Александр Николаевич посмотрел на закрывшуюся дверь, а затем перевёл взгляд на белый конверт в своих руках. Синельникову с его памятью он, конечно, верил, но лучше всё-таки перепроверить.
Поднявшись во своего стула, Поскрёбышев открыл сейф и достал оттуда фотокопию другого конверта. Сам конверт находился сейчас у Меркулова, но фотокопию его Поскрёбышев себе на всякий случай приказал сделать. Вот она и пригодилась.
А действительно, очень похоже. Можно, конечно, провести графологическую экспертизу, но и без неё видно, что писал, видимо, один и тот же человек. Такие характерные завитушки на буквах «р» он делал. Опять же, и письмо пришло из Ленинграда, как и то, первое.
Немного подумав, Александр Николаевич очень аккуратно вскрыл конверт, достал оттуда сложенный листок белоснежной бумаги и прочёл его.

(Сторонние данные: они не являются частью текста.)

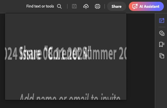 Acrobat Pro 2024: IU cannot make a link to share the file; there seems to be a "screen bug" when I click on the Share button.
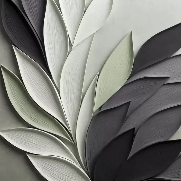 Plakatas Abstrakčios stilizuotos lapų kompozicijos pilkos, baltos ir prislopintos žalios spalvų atspalviais f48411

Ничего любопытного текст не содержал, обычное письмо с восхищением товарищем Сталиным и пожеланием ему здоровья. Самое обычное письмо, таких приходят десятки каждый день. Да, письмо обычное, и если бы не почерк автора, то оно прямиком направилось бы в архив. Но почерк, какой почерк!
Ведь Поскрёбышев знал о задании, поставленным товарищем Сталиным органам. Знал, что и НКВД и НКГБ буквально носом землю роют, пытаясь найти отправителя первого письма. И тут вдруг такой подарок — этот таинственный отправитель присылает ещё одно письмо.
Да, нужно сообщить. Только вот кому? Александр Николаевич сел обратно на стул и задумчиво посмотрел на телефон перед собой. Кому же позвонить? Берии или Меркулову, кому? Впрочем, решал этот вопрос заведующий особым сектором ЦК недолго. После ареста в прошлом году жены отношения Поскрёбышева и Берии сложно было назвать дружественными, так как Александр Николаевич имел веские основания предполагать, что тот арест произведён НКВД при самом активном участии наркома.
Поскрёбышев дал указание найти Меркулова и соединить его с ним для передачи важной информации. А пока он ждал за своим столом звонка главы недавно созданного наркомата госбезопасности, то рассеянно вертел в пальцах загадочный конверт. И взгляд его зацепился за странную надпись на тыльной стороне конверта.
Крошечными голубенькими буковками там было отпечатано: «Издатцентр „Марка“. Россвязь. 2007.»…
Глава 16
— …науке это неизвестно, — Александр Степанович разводит руками, умолкает, удивлённо смотрит на прыснувшую в кулак Ленку и продолжает: — Круглова! Что тебя так рассмешило? Разве я сказал что-то смешное?
— Извините, Александр Степанович, — немного смущается Ленка. — Просто Вы мне сейчас одного персонажа напомнили, он тоже так про Марс говорил.
— Какого персонажа? Из какой-то книжки? И из какой же, разреши полюбопытствовать?
— Да Вы её не читали, это очень малоизвестная книжка.
— Да? Возможно. Но это насчёт Марса мы не вполне уверены, а вот на Венере жизнь есть практически наверняка, ведь эта планета, фактически, близнец нашей Земли. И весьма возможно, ребята, что там мы даже встретим собратьев по разуму! И вам, именно вам, сейчас сидящим за партами, лет через двадцать доведётся общаться с ними. Как знать, быть может сейчас передо мной сидит человек, который первым начнёт исследовать джунгли и океаны Утренней Звезды!
— Нет там никакой жизни, — едва слышно бубнит себе под нос Ленка.
— Круглова! Что ты опять бормочешь?
— Я говорю, — громче, на весь класс, повторяет Ленка, — я говорю, что на Венере жизни нет. Никакой, ни разумной, ни неразумной. Вообще никакой.
— С чего ты взяла? Что, по-твоему, нужно для зарождения жизни?
— Жидкая вода и источник энергии.
— Хм… Несколько прямолинейно, но, по сути, верно. Так на Венере это есть.